How do soda taxes reduce consumption?

The WSJ writes about the controversy surrounding the proposed new soda tax under consideration in Richmond City, northeast of San Francisco.
In May, Richmond's City Council agreed to put a measure on the November ballot to charge businesses a penny for every ounce of those beverages they sell in the city. If it passes, it would be the first city tax of its kind in the nation and the first to be approved by voters.
Now, I see two possible effects of a soda tax packaged this way, both of which will work towards reducing consumption of soft drinks. One, the standard "price effect" arising from the higher prices payable by the consumer due to incidence of taxation. Second, the more subtle "signaling effect" due to the negative imagery on soft drinks consumption conveyed by the reason underlying the decision to impose a tax. This signaling may be more effective if the tax is described as a "sin" tax, in so far as it would signal to the religious and moral sentiments of its consumers.

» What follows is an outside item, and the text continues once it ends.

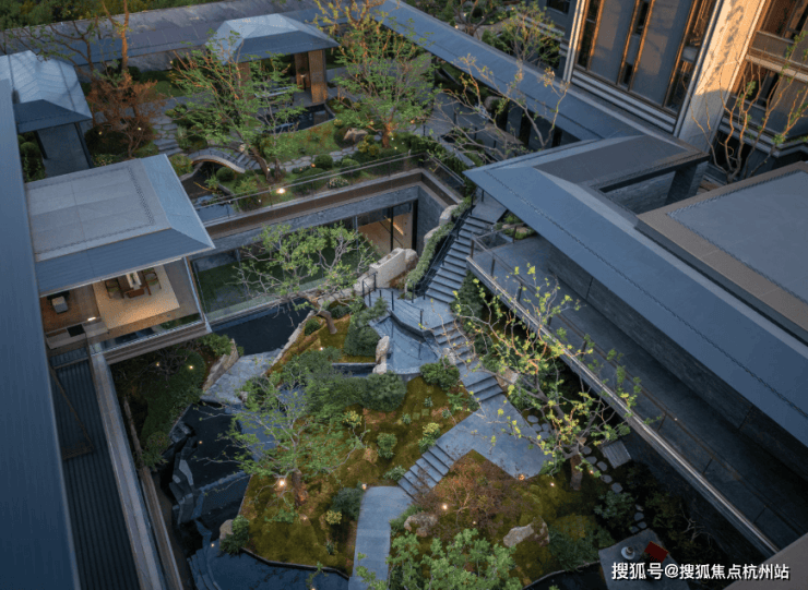再往里走就是近460㎡的下沉式庭院,精选太行山金景石堆叠成小山丘,引进溪水汇聚成池塘,并移栽岭南珍贵的古桩铁冬青和中华原生乌桕树,形成一幅立体山水画卷。

Which is of these two effects is more powerful in reducing consumption? What are their respective contributions? This has important implications for public policy. If the signaling effect is reasonably powerful, then it opens up possibilities for limiting certain negative externalities. More specifically, it would mean that even a small tax (and therefore more politically acceptable) can be effective in mitigating a negative externality if packaged appropriately. 

It would be great to explore this through a randomized control trial experiment (RCT), preferably at Richmond itself, to segregate the relative consumption reductions achieved by the two effects.